= Assignment =
Only text belongs in your copy of the listing below; reproduce it exactly and leave out the pictures.

= Data excerpt =
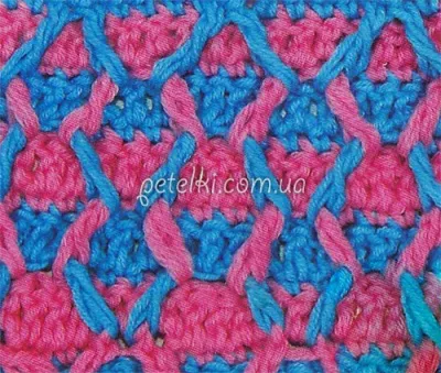 Cast on a chain from 24 sp (4 patterns) + 8 sts for symmetry + 1 sp increase. Crochet due to the scheme. If the row starts with 3 sp increase, which corresponds to 1 BP dc, so finish with BP sc. Repeat the 3rd and 4th rows, rotating the colors of yarn.
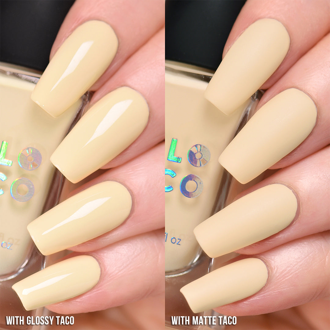 - Note: Super-pigmented shades may cause staining depending on the porousness of the nail and the use of a protective base coat. Swatch photos as pictured have one coat of Glossy Taco for optimal smoothness and shine.
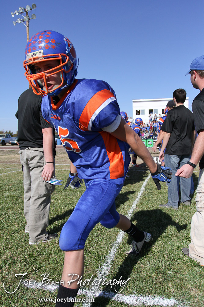 Otis-Bison Cougar Justus Bartonek (#15) runs out onto the field before the Thunder Ridge at Otis-Bison KSHSAA Eight Man Division II Regional Game with Thunder Ridge winning 28-18 at Otis-Bison High School in Otis, Kansas on November 3, 2012. (Photo: Joey Bahr, www.joeybahr.com)
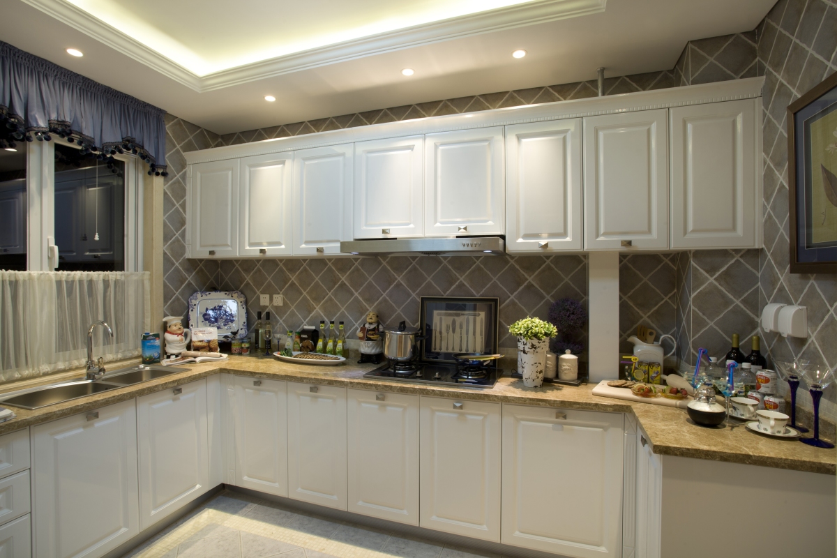 厨房灯光需分成两个层次:一个是对整个厨房的照明,一个是对洗涤、准备、操作的照明。后者一般在吊柜下部布置局部灯光,设置方便的开关装置,还有现在的性能良好的抽油烟机一般也照有灯光、对烹饪是足够了。

= Reply =
 Cast on a chain from 24 sp (4 patterns) + 8 sts for symmetry + 1 sp increase. Crochet due to the scheme. If the row starts with 3 sp increase, which corresponds to 1 BP dc, so finish with BP sc. Repeat the 3rd and 4th rows, rotating the colors of yarn.
 - Note: Super-pigmented shades may cause staining depending on the porousness of the nail and the use of a protective base coat. Swatch photos as pictured have one coat of Glossy Taco for optimal smoothness and shine.
 Otis-Bison Cougar Justus Bartonek (#15) runs out onto the field before the Thunder Ridge at Otis-Bison KSHSAA Eight Man Division II Regional Game with Thunder Ridge winning 28-18 at Otis-Bison High School in Otis, Kansas on November 3, 2012. (Photo: Joey Bahr, www.joeybahr.com)
 厨房灯光需分成两个层次:一个是对整个厨房的照明,一个是对洗涤、准备、操作的照明。后者一般在吊柜下部布置局部灯光,设置方便的开关装置,还有现在的性能良好的抽油烟机一般也照有灯光、对烹饪是足够了。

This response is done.